Essa aula também me fez repensar muita coisa da minha vida. Meus relacionamentos, minhas escolhas profissionais, minha infância. Vi que tenho um medo imenso de competir. Em algumas áreas mais, em outras menos. Mas minha busca por conforto  vem daí e por muito tempo me oprimiu e me estagnou numa constante acomodação, preguiça, e lentidão. Medo de falhar, de não ser  perfeita, de ser muito diferente, medo do que vão dizer.  Tenho um Charlie Brown dentro de mim tentando chutar a bola de futebol americano, e caindo com a bunda no chão, toda vez. Mas olha, honestamente, eu tô tentando ser melhor. Honestamente.

Mais uma vez, meu review de uma aula virou um tratado filosófico sobre a vida. Não consigo mais explicar as coisas de maneira institucional. E poucas pessoas têm ideia do avanço que isso representa pra mim. A todos os outros, reitero: é um grande avanço. E aviso: há mais de onde este veio.

Fazendo os networkings

Desde que eu cheguei em Los Angeles todo mundo vive falando sobre a importância do networking. Tem que fazer networking, tem que conhecer pessoas, tem que se interessar, tem que tratar todo mundo bem porque o cara que recolhe seu prato no restaurante pode um dia virar o seu chefe nessa roda gigante maluca chamada Hollywood. Um saco. Já tenho uma tendência natural pra misantropia. Imagina ser OBRIGADA a interagir com as pessoas, Deus.
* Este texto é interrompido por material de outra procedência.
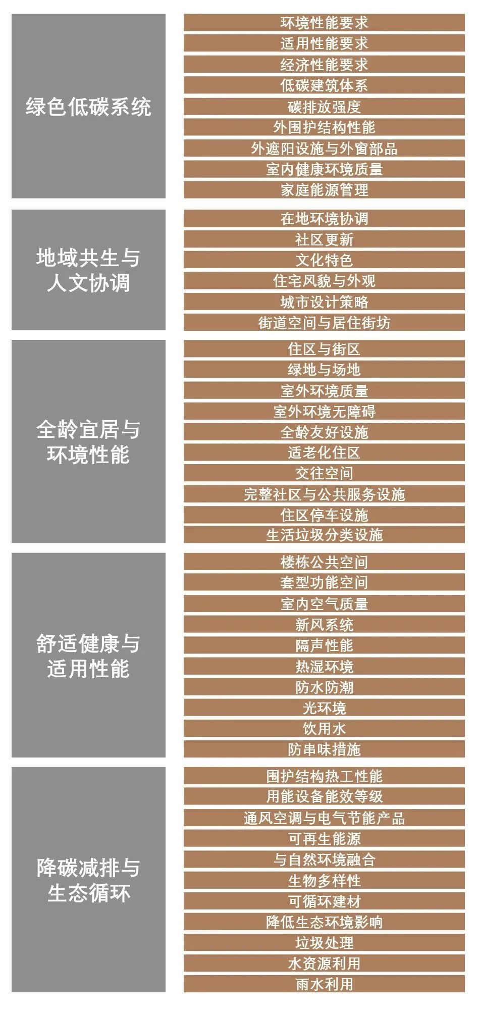 绿色低碳化:从环境性能、适用性能、经济性能等方面入手,提出了地域共生与人文协调、全龄宜居与环境性能、舒适健康与适用性能、降碳减排与生态循环等要求。这些要求旨在实现住房建设与自然环境的和谐共生,降低能源消耗,减少碳排放。
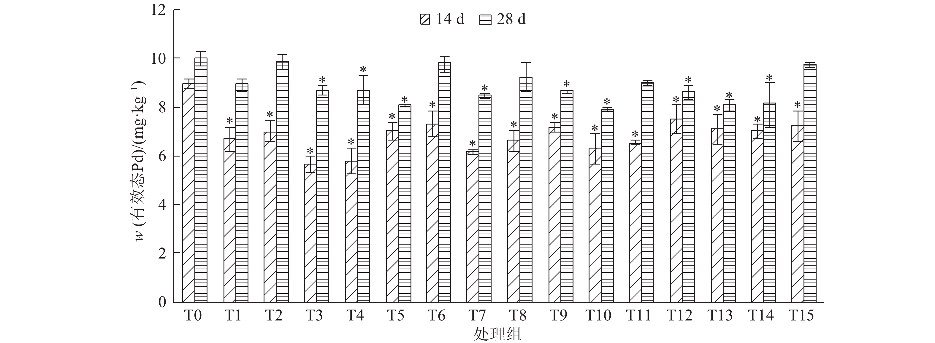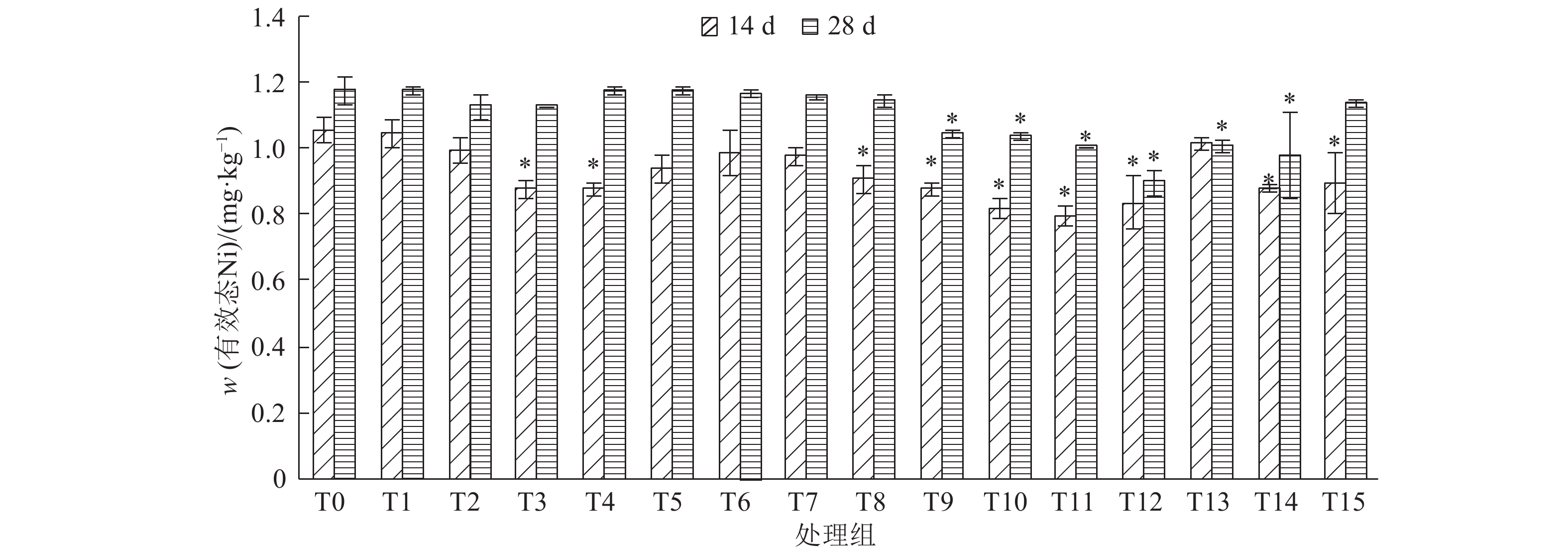 与培养14 d相比,培养28 d后各处理组土壤的有效态Ni含量都升高,其中T1、T3、T4、T5、T7、T8、T9、T10和T11处理组差异达到显著水平。

MAS EIS QUE fiz um network bonitinho? Orgulho de mim. Foi numa aula. O professor trouxe um guest speaker que é executivo da área de Development de uma produtora muito bacana chamada Bold Films. Eles fizeram Whiplash, Nightcrawler, Driver entre outros. Ele começou a explicar como funcionava uma produtora independente que está mais interessada em descobrir novos talentos, incentivar histórias inovadoras com pontos de vista originais, e não em produzir mais um episódio de uma trilogia gigolesca. E o mais legal, eles conseguem lucrar apostando nesses pequenos filmes.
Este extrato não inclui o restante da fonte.